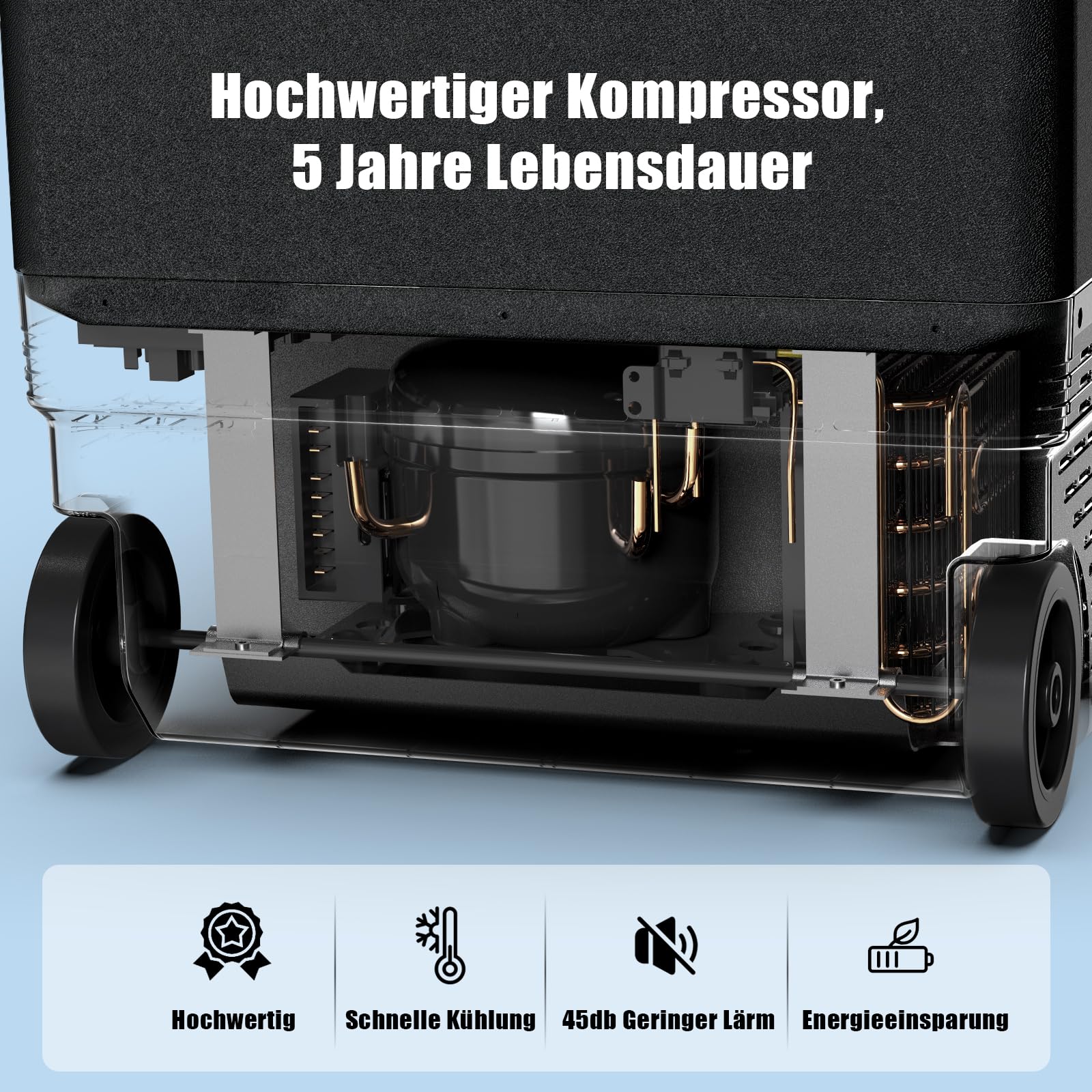 ["MAX/ECO Mode"] This compressor cooler box offers two operating modes: MAX mode (quick cooling) and ECO mode (energy saving). In MAX mode, power consumption is about 60 watts, and in ECO mode about 45 watts, making it very energy efficient. It also has a voltage protection unit (H/M/L) that prevents the car from not starting due to a dead battery.
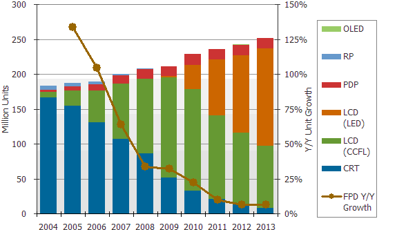 整體平面電視市場2009年表現相當亮眼,全球出貨量成長超過32%,與2008年的成長率相當接近。盡管受到經濟蕭條影響,某些區(qū)域市場如日本和中國大陸2009年成長率還比2008年好。對于2009年良好市場表現,DisplaySearch認為新顯示技術如3D 與LED推出有正面刺激作用;同時上修2010年全球電視出貨量預測,預估今年將達2億2千800萬臺,較先前預測增加1千萬臺。
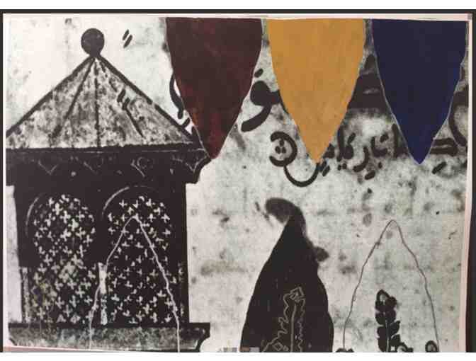 The work draws on symbolism, forms, and drawings which are found in manuscripts in different. The triangular form creates an interesting field in its relation to the drawn rectangles.
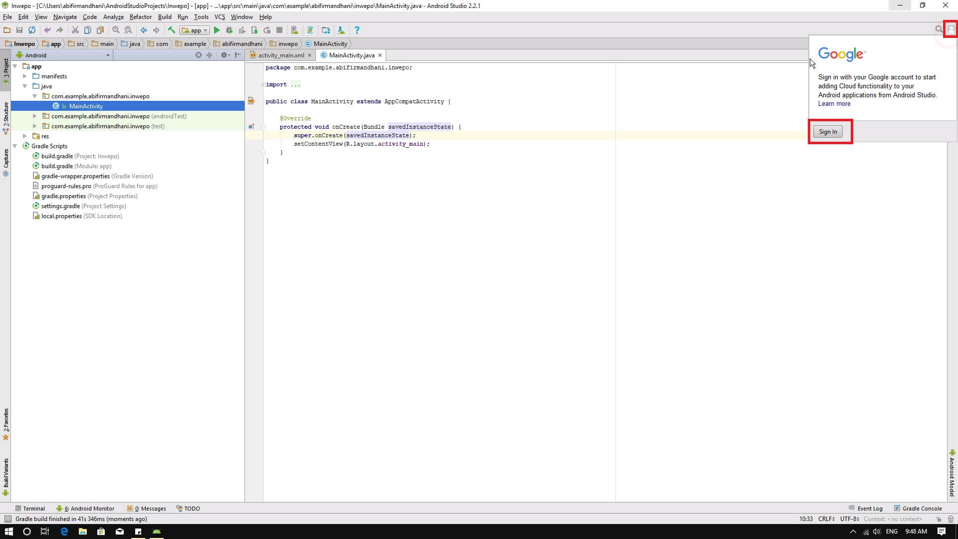 4. Saat sudah masuk ke dalam projek kamu, klik ikon user di pojok kanan atas dan Sign in dengan akun Google kamu
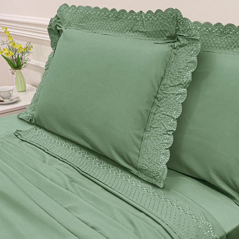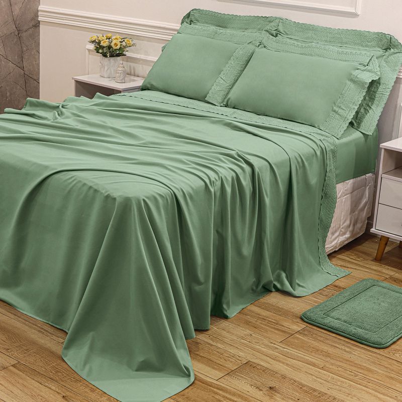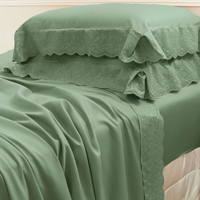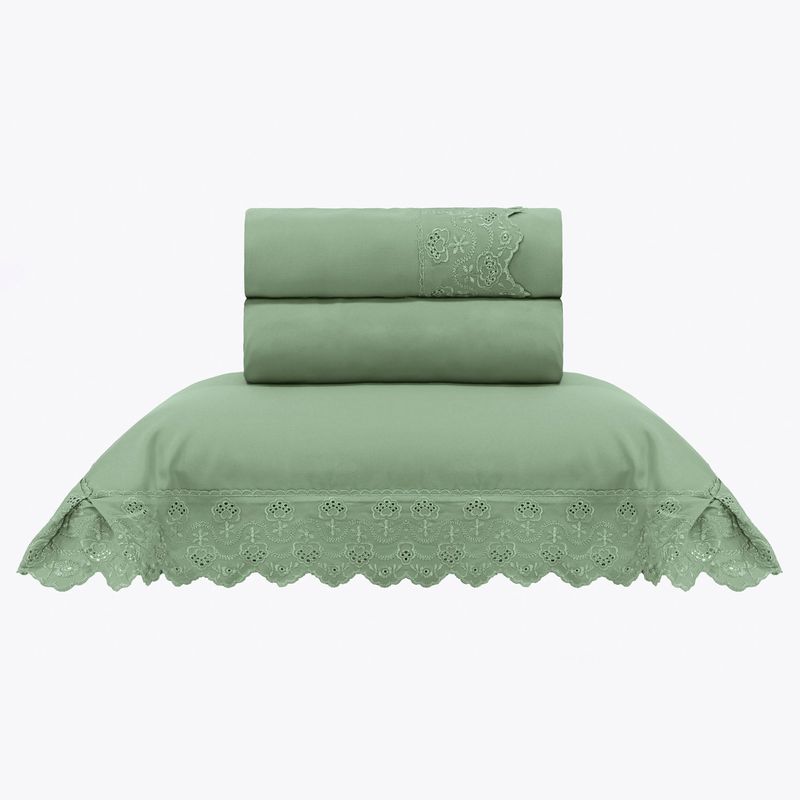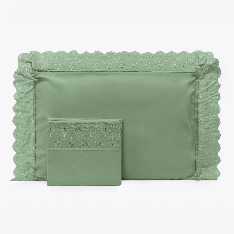 JOGO DE CAMA SOLTEIRO BORDADO INGLÊS - ARVORE VERDE ESCURO
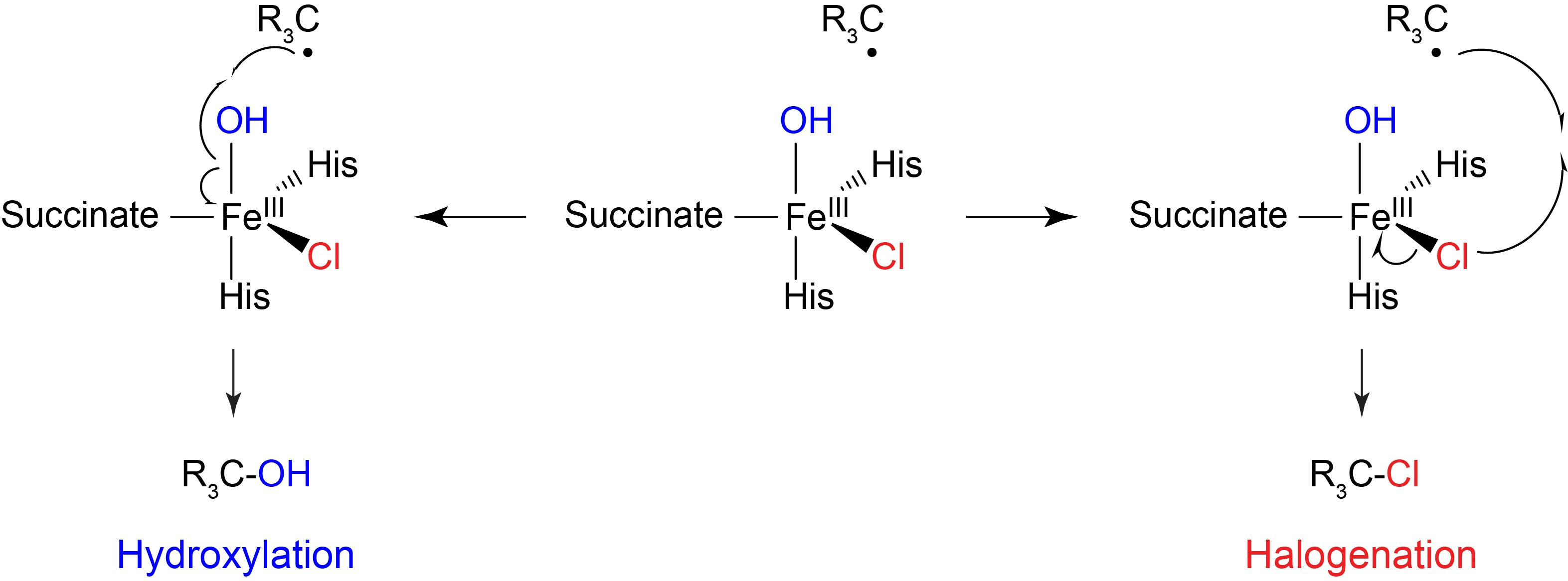 Since BesD has a much simpler substrate than the other known families of radical halogenases, it may be a particularly tractable system for studying the mechanism of how enzymes can perform selective halogenation. The FeII/aKG-dependent halogenases actually face multiple challenges with regard to selectivity. Beyond the typical problems of substrate selectivity and regioselectivity, halogenases also need to solve the problem of how to achieve reaction pathway selectivity. They use a reactive FeIV-oxo species to generate a substrate radical, yielding an intermediate with two possible reaction outcomes (Figure 2). If rebound with the halogen occurs, then the desired halogenated product is produced. However, rebound of the resulting hydroxyl radical can also occur to yield the hydroxylated product. We solved the lysine-bound crystal structure of BesD and performed structure-guided mutagenesis to better understand how the enzyme selectively achieves halogenation instead of hydroxylation. Our results suggest that critical factors for halogenation selectivity include residues that control the precise positioning of lysine in the active site as well as second-sphere residues that may direct the ligand geometry of the Fe-complex.
○ ○ ○ ○ ○ ○ ○
→ Action item
Apart from its pictures, the data is to be repeated exactly.

→ Worked solution
 ["MAX/ECO Mode"] This compressor cooler box offers two operating modes: MAX mode (quick cooling) and ECO mode (energy saving). In MAX mode, power consumption is about 60 watts, and in ECO mode about 45 watts, making it very energy efficient. It also has a voltage protection unit (H/M/L) that prevents the car from not starting due to a dead battery.
 整體平面電視市場2009年表現相當亮眼,全球出貨量成長超過32%,與2008年的成長率相當接近。盡管受到經濟蕭條影響,某些區(qū)域市場如日本和中國大陸2009年成長率還比2008年好。對于2009年良好市場表現,DisplaySearch認為新顯示技術如3D 與LED推出有正面刺激作用;同時上修2010年全球電視出貨量預測,預估今年將達2億2千800萬臺,較先前預測增加1千萬臺。
 The work draws on symbolism, forms, and drawings which are found in manuscripts in different. The triangular form creates an interesting field in its relation to the drawn rectangles.
 4. Saat sudah masuk ke dalam projek kamu, klik ikon user di pojok kanan atas dan Sign in dengan akun Google kamu
 JOGO DE CAMA SOLTEIRO BORDADO INGLÊS - ARVORE VERDE ESCURO
 Since BesD has a much simpler substrate than the other known families of radical halogenases, it may be a particularly tractable system for studying the mechanism of how enzymes can perform selective halogenation. The FeII/aKG-dependent halogenases actually face multiple challenges with regard to selectivity. Beyond the typical problems of substrate selectivity and regioselectivity, halogenases also need to solve the problem of how to achieve reaction pathway selectivity. They use a reactive FeIV-oxo species to generate a substrate radical, yielding an intermediate with two possible reaction outcomes (Figure 2). If rebound with the halogen occurs, then the desired halogenated product is produced. However, rebound of the resulting hydroxyl radical can also occur to yield the hydroxylated product. We solved the lysine-bound crystal structure of BesD and performed structure-guided mutagenesis to better understand how the enzyme selectively achieves halogenation instead of hydroxylation. Our results suggest that critical factors for halogenation selectivity include residues that control the precise positioning of lysine in the active site as well as second-sphere residues that may direct the ligand geometry of the Fe-complex.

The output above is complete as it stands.